The delegation subsequently visited Kashmir. Following this visit Indian government announced several measures to defuse the tensions. The measures included release of all the students arrested during the protests, reopening of schools, discussions on reducing the number of security forces in Kashmir and appointment of a group to begin sustained dialogue with the Kashmiris. In addition financial compensation of $11,000 to the families of each of those killed was announced.

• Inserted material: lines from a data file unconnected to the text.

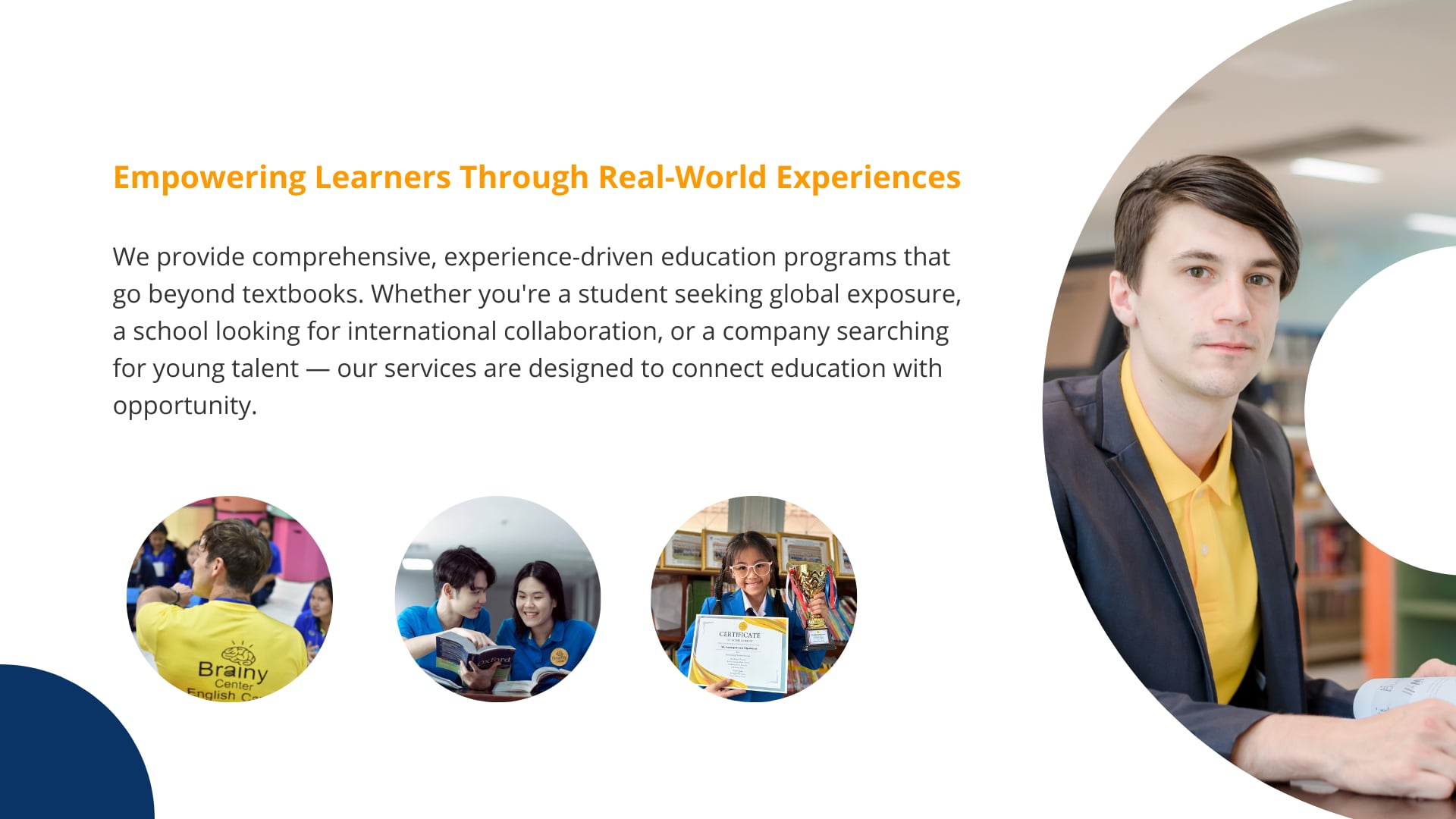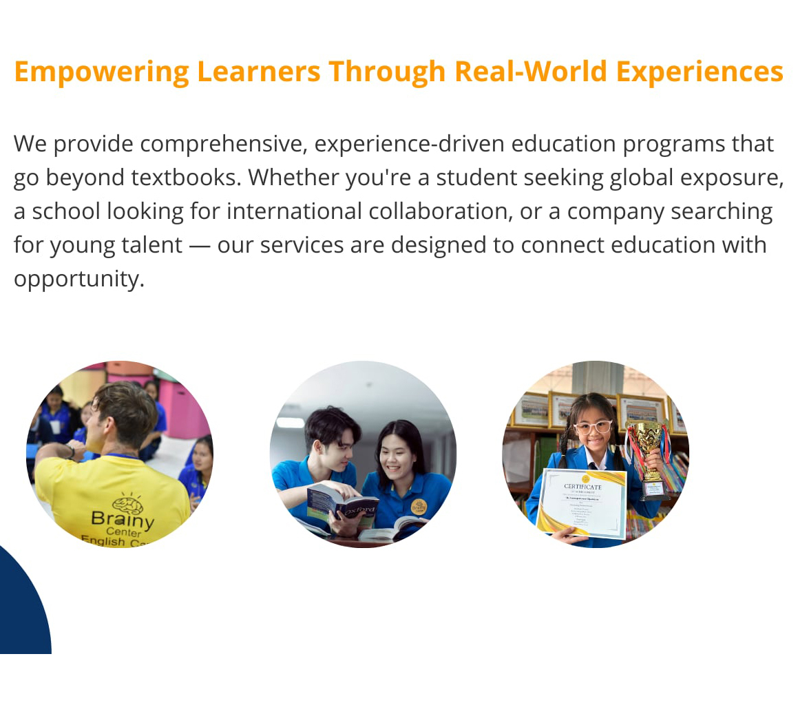 ทีมงานเรามีความมุ่งมั่นในการ สร้างสรรค์การเรียนรู้ผ่านรูปแบบกิจกรรมในหลายรูปแบบทั้งค่ายและกิจกรรม ส่งเสริมการเรียนรู้ ให้ความรู้ที่เน้น ความสนุกและมีกิจกรรมที่สร้างสรรค์ เรานำวิชาการมาถอดบทเรียนให้อยู่ในรูปแบบกิจกรรมที่ช่วยส่งเสริมการเรียน ทั้ง ด้านภาษาอังกฤษ วิทยาศาสตร์ คณิตศาสตร์ และเทคโนโลยีดิจิตอล ผ่านการจัดกิจกรรมในรูปแบบ ทั้งในรูปแบบ Active Learning ด้วยการเรียนรู้ตามมาตรฐานการหน่วยชี้วัดและ มาตรฐาน CEFR
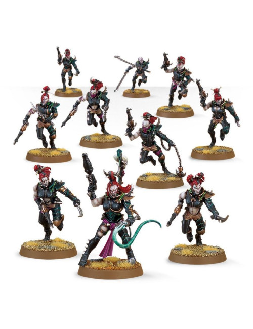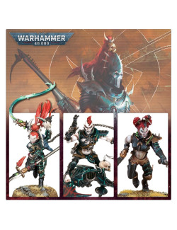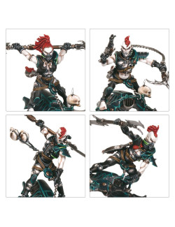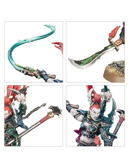Las Brujas incluyen piezas para montar una campeona opcional, que puede estar armada con una pistola cristalina o una pistola bláster, y un filo de Hekatarii, espada de energía o agonizador. La caja viene con armas opcionales —brazales hidra, flagelos cuchilla y una filorred y empalador— y las piernas, cuerpos, brazos y 14 cabezas diferentes son todas intercambiables entre las miniaturas.
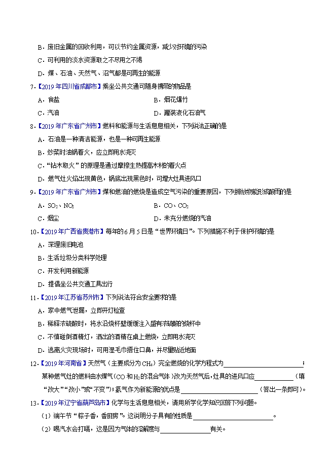 2019年中考真题化学试题汇编专题14 燃料的合理利用与开发(原卷版)
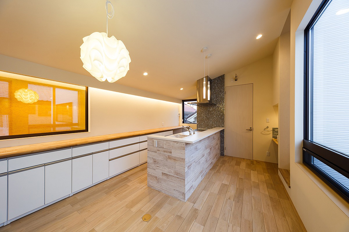 限られた敷地条件の中でも、光を効果的に取り込む工夫を随所に施すことで、住まい全体に明るさと開放感をもたらしました。
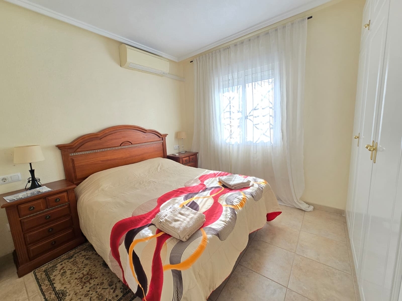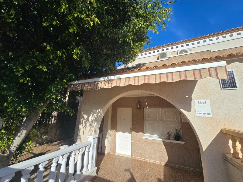 Moderno chalet en urbanizacion cerrada en Aguas Nuevas, Torrevieja! Prestigioso complejo esta ubicado en mejor area de Torrevieja a tan solo 20 min andando hasta la playa los locos. Bares , restaurantes y supermarket mercadona esta a 10 min andando Chalet dispone de 3 dormitorios y 2 baños, amplio salon comedor, cocina independiente, totalmente equipada
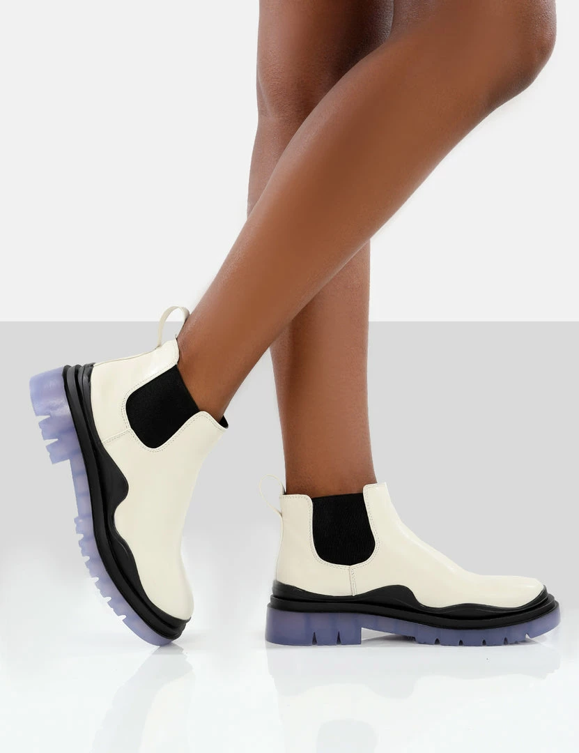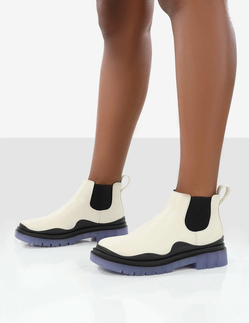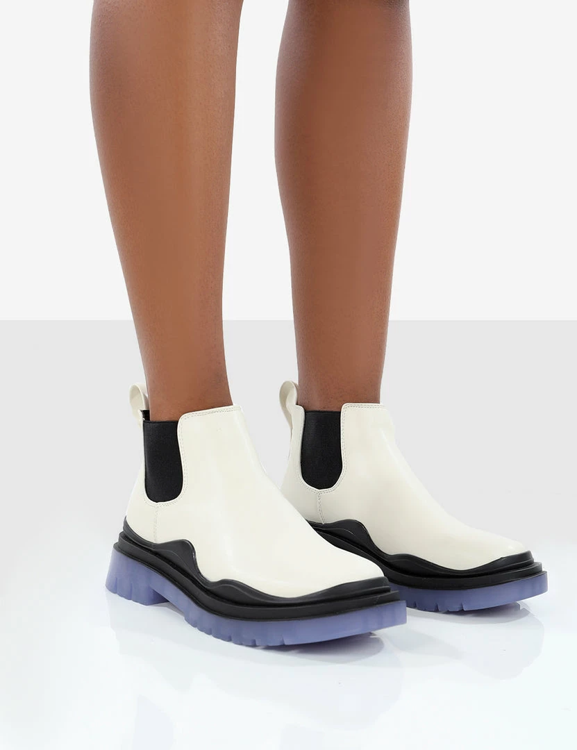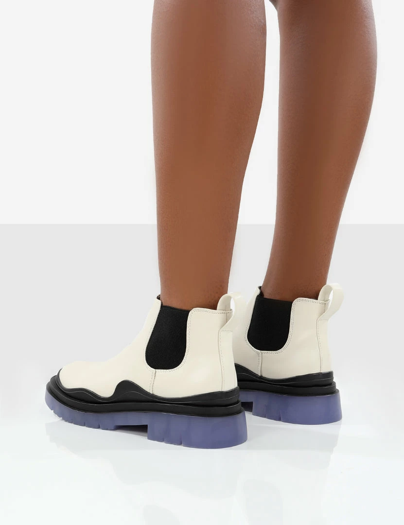 Looking for the boot to take you from summer to autumn? Our new chelsea boot, Myth features a chunky rubber blue sole.
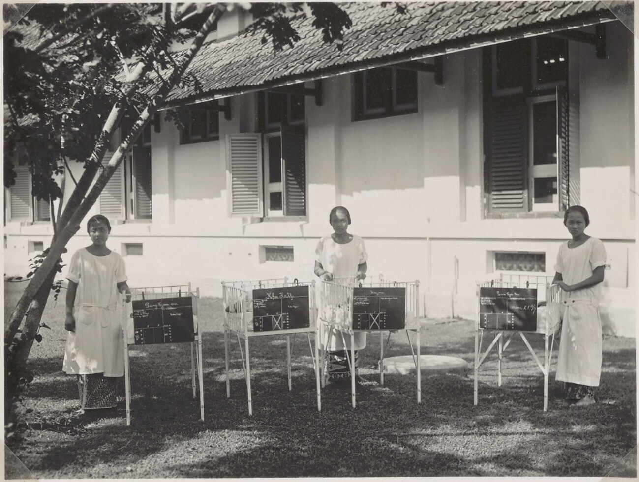 Patients in the open air with nurses of the Children...
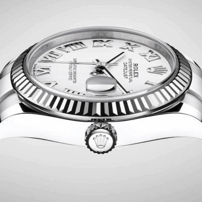 - Case material: White Rolesor – combination of Oystersteel and 18k White Gold
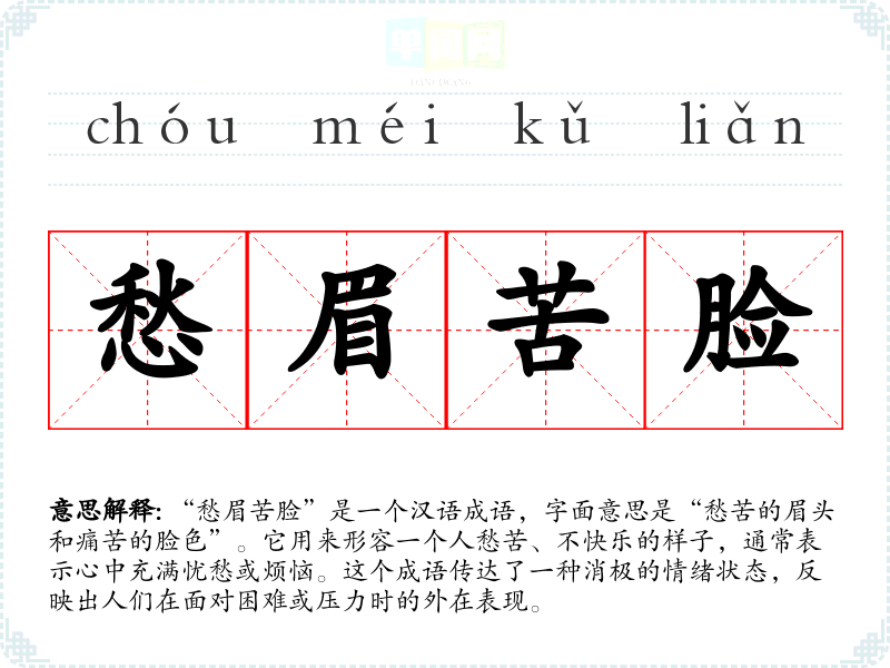 “愁眉苦脸”是一个汉语成语,字面意思是“愁苦的眉头和痛苦的脸色”。它用来形容一个人愁苦、不快乐的样子,通常表示心中充满忧愁或烦恼。这个成语传达了一种消极的情绪状态,反映出人们在面对困难或压力时的外在表现。
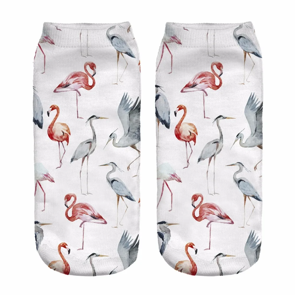 Носки Фламинго новые повседневные женские прочные носки из полиэстера с 3D принтом, милые носки с низким вырезом на лодыжке, повседневные носки для подростков

Most of the families rejected the compensation but a few accepted it, in spite of calls by the Hurriyat Conference and social pressure on families to reject the money from Government of India.

==Conviction for killing==
The army convicted seven soldiers, including two officers, and sentenced them to life imprisonment for a staged killing of three Kashmiri civilians and passing it off as an anti-militancy operation for rewards and remunerations in J&K in 2010. The court martial proceedings began in January 2014 and ended in September of that year. In April 2010, army had said it had killed three infiltrators in the Machil sector and claimed they were Pakistani militants. The men were later identified as Shahzad Ahmad Khan, Riyaz Ahmad Lone and Muhammad Shafi Lone, all residents of Baramulla district. They were lured to work as porters for the Army in Kupwara district. Instead, the Army killed them in a fake encounter, applied black paint on the clean-shaven faces of the slain, placed weapons on them and said they had killed foreign militants.

===Suspension of sentences===

On 27 July 2017, The Armed Forces Tribunal suspended the life sentence of the five army personnel including a Colonel and a Captain who had been convicted by a General Court Martial in 2014 for staging the killing of three Kashmiri civilians at Macchil in 2010 and branding them as foreign militants for brass medals and cash rewards.

==FIR against Chief Minister and police==
In March 2015, All Parties Hurriyat Conference leader Syed Ali Shah Geelani entirely blamed then Chief Minister of Jammu and Kashmir Omar Abdullah and former Senior Superintendent of Police (SSP) Ashiq Bukhari for killings of 2010 unrest and filed a FIR in the court of Chief Judicial Magistrate (CJM), Srinagar.

"(We) have decided to register a criminal case against Omar Abdullah and Ashiq Bukhari for the innocent killings of 2010 and will try to bring the murderers of the innocent students to justice," a Hurriyat statement said.